Occasionally you may see the term electronic resume management system (ERM) or talent management system (TMS), but applicant tracking system is the most commonly used term, so that's what I'll use throughout this article.

The ATS features that you, the job seeker, need to know about are the resume submitting and resume screening features. These two features will have the biggest impact on the success of your job search if you are targeting jobs with employers who use applicant tracking systems.

ATS software "reads" resumes, looking for specific keywords, experiences and qualifications. It will give each resume a score based on how well the information on the resume matches the criteria for that job. A human will review the top scoring resumes. Normally, a human will never see the resumes that did not score well.

It is important to include on your resume relevant keywords that the ATS will search for, and to format your resume in a way that is predictable and easy for the ATS to understand.

Does Every Job Seeker Need to Write an ATS Optimized Resume?

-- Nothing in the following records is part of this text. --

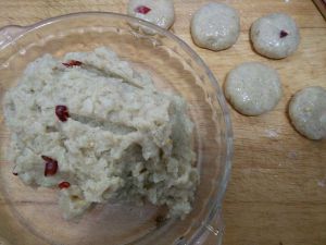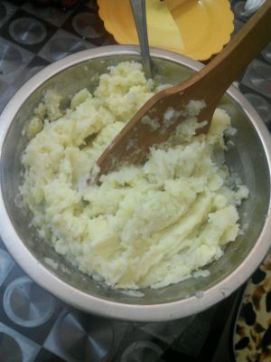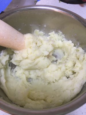 土豆煮熟去皮,加入生粉,黄油20g,压成土豆泥,搅拌均匀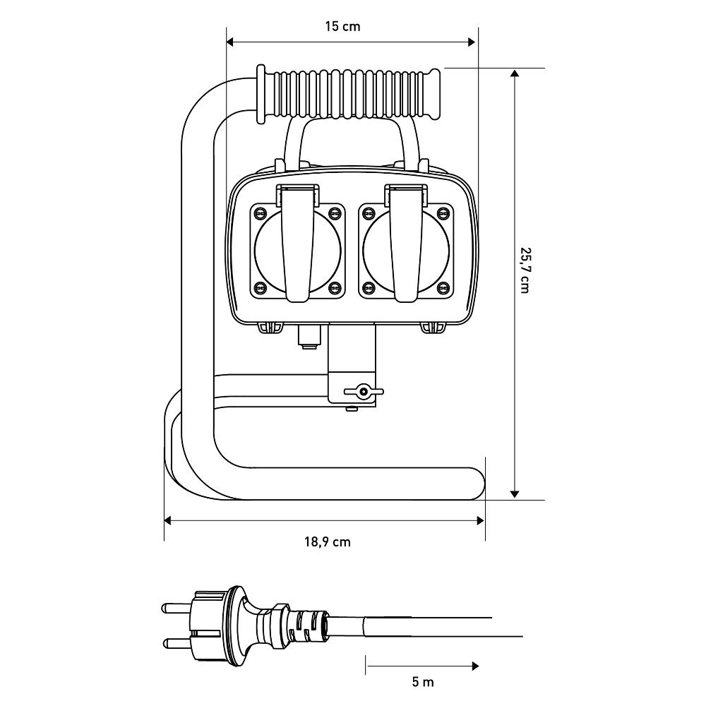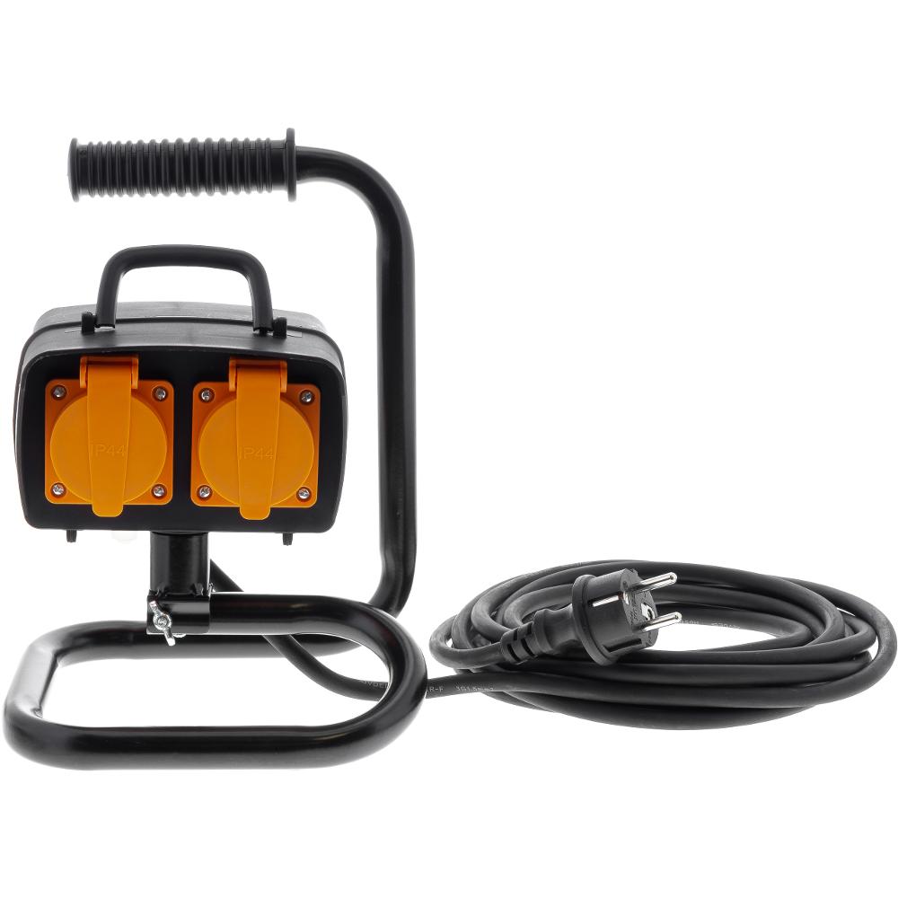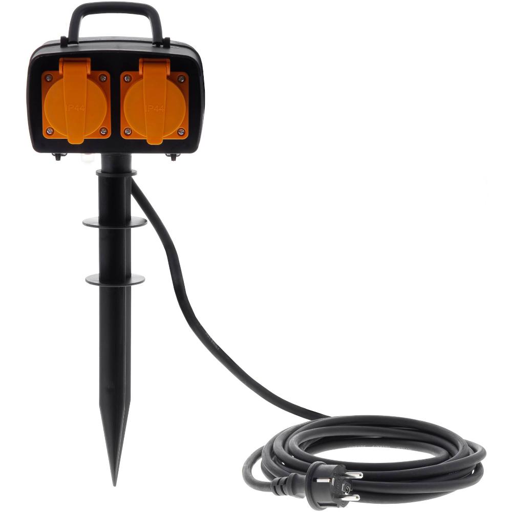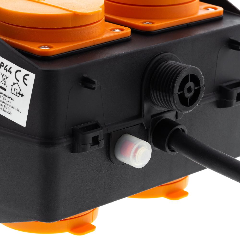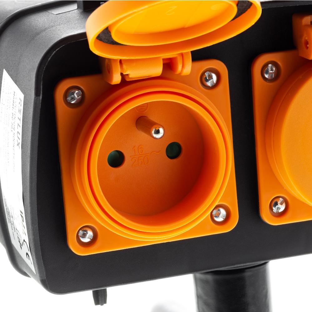 Outdoor cable socket, black/orange colour, IP44, 4x 230 / 16A / max. 3680W, metal stand with avalability to change with plastic spike (in packing),reversible current protection button, with 5 meter cable G3x1,5mm2., french type socket.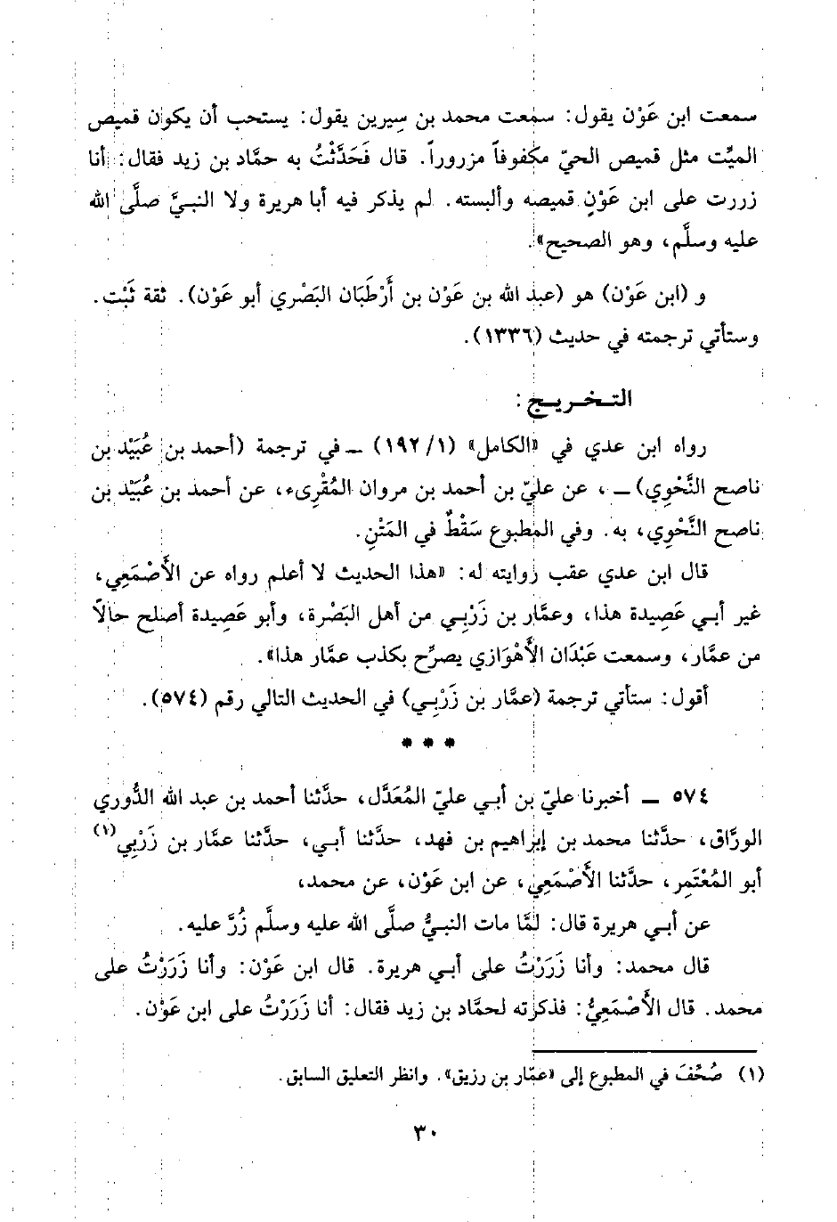 سمعت ابن عَوْن يقول: سمعت محمد بن سِيرين يقول: يستحب أن يكون قميص الميِّت مثل قميص الحيّ مكفوفًا مزرورًا. قال فَحَدَّثْتُ به حمَّاد بن زيد فقال: أنا زررت على ابن عَوْنٍ قميصه وألبسته. لم يذكر فيه أبا هريرة ولا النبيَّ صلَّى اللَّه عليه وسلَّم، وهو الصحيح".

Contrary to what you might read elsewhere, some job seekers really do not need to be concerned about applicant tracking system software. Depending on the type of companies you are targeting and the way you are finding your job leads, you may never encounter an ATS in your job search.

However, if you are targeting companies that do use this software, you absolutely must learn all about writing an ATS optimized resume. Remember, only the top scoring resumes are reviewed by a human. Therefore, even if you are well qualified for the job, if your resume is not optimized to score well in the ATS screening process, you probably will not be considered for the job. In order to ensure the human reviewer, who can see that you are well qualified, reads your resume, you must write an ATS optimized resume designed to score well in this type of screening process.

Will Applicant Tracking Systems Affect My Job Search?

It depends.

I wish I could provide a very clear, yes or no answer to that question. Unfortunately, it is not always clear whether an employer is using this software. There are, however, some guidelines and strategies you can use to determine whether you need to write ATS optimized resumes.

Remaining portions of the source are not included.